Defunct Trotskyist organization in Canada

Socialist Challenge was a Trotskyist organization in English-speaking Canada. It emerged in the 1980s from former members and dissidents of the Revolutionary Workers League/Ligue Ouvrière Révolutionnaire (RWL/LOR), and later operated in association with the Quebec organization Gauche Socialiste as Socialist Challenge/Gauche Socialiste.

==Background==
The RWL/LOR was formed in 1977 through the fusion of the League for Socialist Action/Ligue Socialiste Ouvrière, the Revolutionary Marxist Group, the Groupe Marxiste Révolutionnaire and the Young Socialists/Ligue des Jeunes Socialistes. Robert J. Alexander described the RWL as the Canadian section of the reunified Fourth International.

John Riddell, a former member of the RWL/LOR, wrote that in 1982–83 the Socialist Workers Party in the United States dropped the designation "Trotskyist" and expelled dissidents who opposed the change. According to Riddell, this had "a strong echo in Canada": most RWL/LOR members accepted the SWP's shift, while dissident currents left or were pushed aside. He wrote that one dissident group in Quebec formed Gauche Socialiste in 1983, while an English-Canadian group launched the Alliance for Socialist Action, later called Socialist Challenge.

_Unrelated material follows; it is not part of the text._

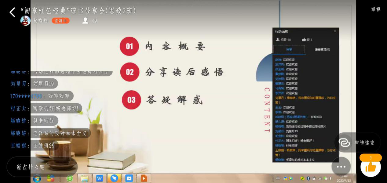 (此图是学生连麦分享感触时的截图)

Riddell also argued that the RWL/LOR increasingly followed the orientation of the U.S. SWP, abandoned several earlier political orientations, and in 1990 dropped the RWL/LOR name in favour of the Communist League, the name used by the SWP's international sister organizations.

==Formation and politics==
The English-Canadian organization was initially known as the Alliance for Socialist Action. A 1988 bulletin published by the Bolshevik Tendency described Socialist Challenge as having been known until May 1988 as the Alliance for Socialist Action.

Socialist Challenge operated in association with Gauche Socialiste in Quebec. A 1996 obituary for Quebec socialist Michel Mill in Against the Current stated that Gauche Socialiste merged with Socialist Challenge in the mid-1980s to form the Fourth International's section in the Canadian state. The official Fourth International website currently lists Gauche Socialiste and the New Socialist Group under Canada, but not Socialist Challenge, which had ceased to exist as a separate organization.

Socialist Challenge published a newspaper also called Socialist Challenge. Its politics were rooted in the Fourth International tradition and in opposition to the direction taken by the RWL/LOR and the U.S. Socialist Workers Party in the 1980s.

==Split and dissolution==
In 1994, Socialist Challenge split when Barry Weisleder and a small group of supporters left or were expelled. Weisleder later wrote that Socialist Challenge/Gauche Socialiste had moved away from democratic-centralist party-building and that he and Elizabeth Byce were expelled in 1993. The following year, Weisleder and supporters founded Socialist Action Canada. Because Weisleder's account is self-published and reflects the position of the faction that left Socialist Challenge, the details of the split should be treated as attributed claims.

Socialist Challenge subsequently became involved in the formation of the New Socialist Group and ultimately merged into the New Socialists in 1999. A 2019 statement by former New Socialist Group members said the NSG officially dissolved in 2017, although former members continued to be active in local groups with similar politics.